Work order – When you transcribe the data below, reproduce every line exactly and leave each picture out.

Dataset extract –
===============
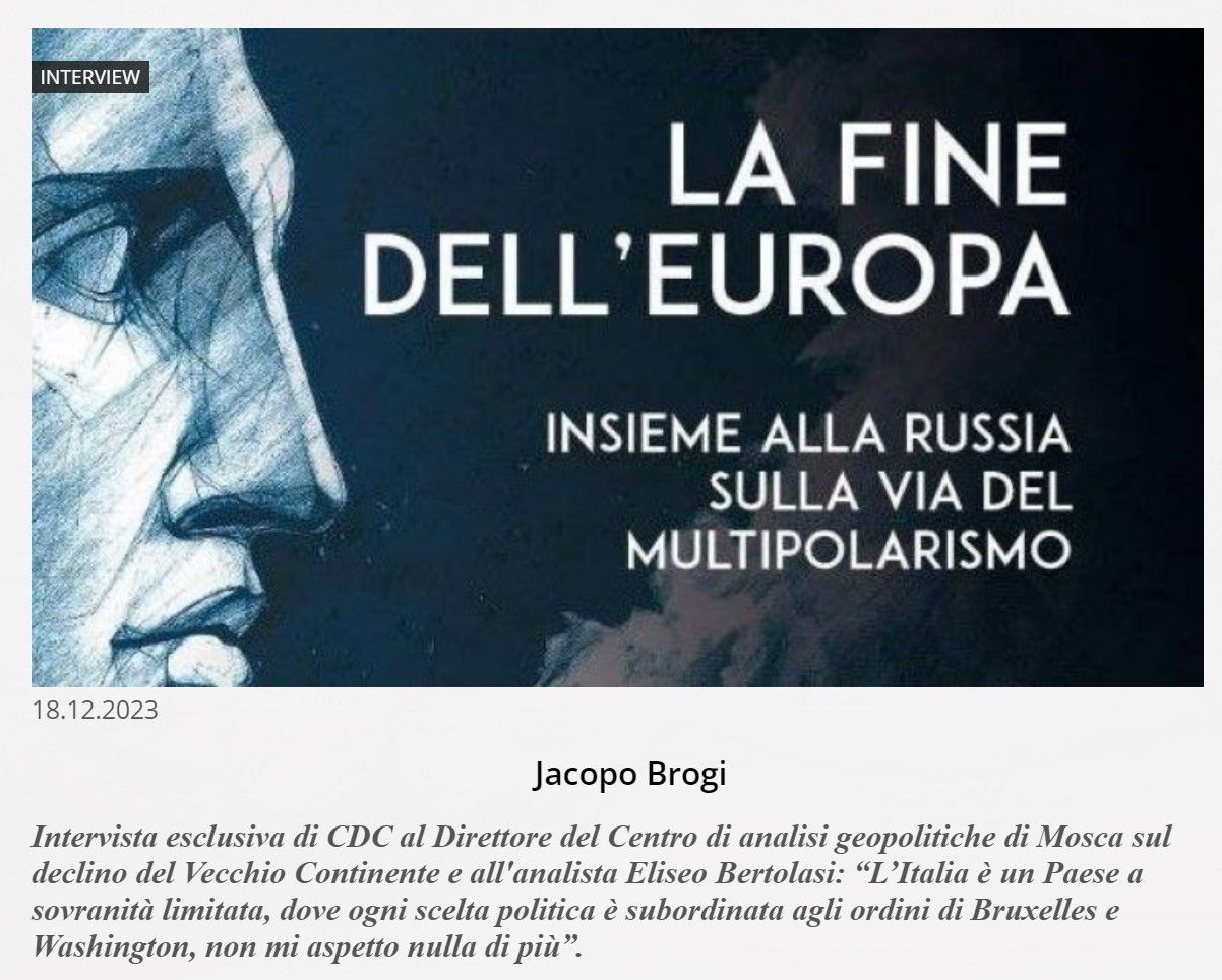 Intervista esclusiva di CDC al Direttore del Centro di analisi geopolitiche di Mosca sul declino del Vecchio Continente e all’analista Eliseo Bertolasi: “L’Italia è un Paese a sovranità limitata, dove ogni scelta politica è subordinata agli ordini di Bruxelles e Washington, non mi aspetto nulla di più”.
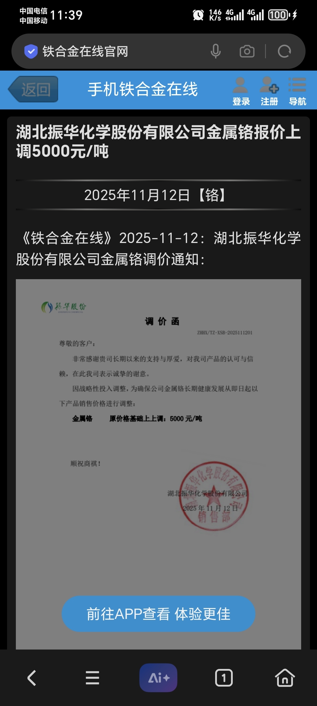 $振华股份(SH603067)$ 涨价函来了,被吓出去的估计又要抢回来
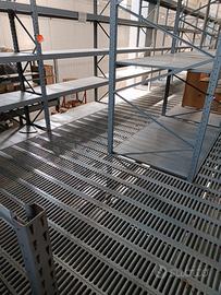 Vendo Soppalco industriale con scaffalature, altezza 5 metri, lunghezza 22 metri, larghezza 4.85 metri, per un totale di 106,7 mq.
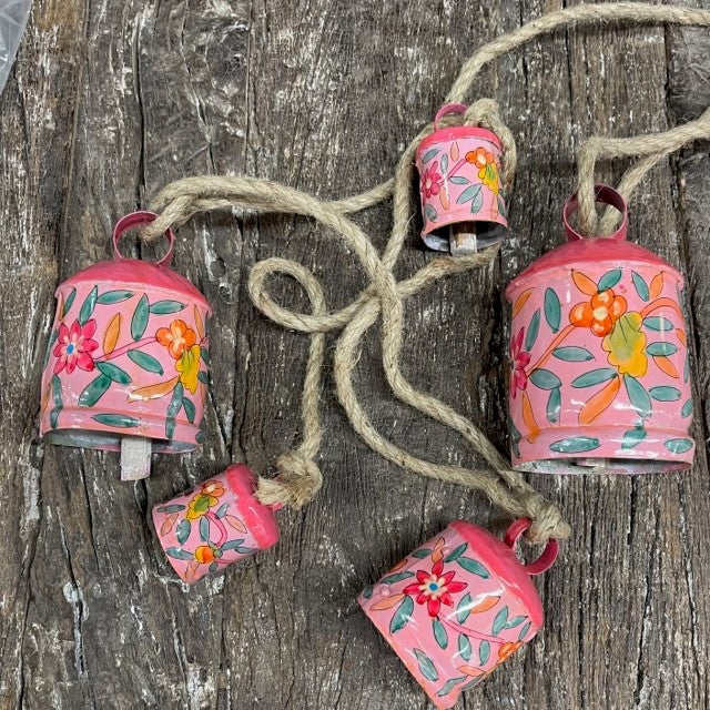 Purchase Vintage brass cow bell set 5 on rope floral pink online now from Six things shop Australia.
===============
Completed task –
 Intervista esclusiva di CDC al Direttore del Centro di analisi geopolitiche di Mosca sul declino del Vecchio Continente e all’analista Eliseo Bertolasi: “L’Italia è un Paese a sovranità limitata, dove ogni scelta politica è subordinata agli ordini di Bruxelles e Washington, non mi aspetto nulla di più”.
 $振华股份(SH603067)$ 涨价函来了,被吓出去的估计又要抢回来
 Vendo Soppalco industriale con scaffalature, altezza 5 metri, lunghezza 22 metri, larghezza 4.85 metri, per un totale di 106,7 mq.
 Purchase Vintage brass cow bell set 5 on rope floral pink online now from Six things shop Australia.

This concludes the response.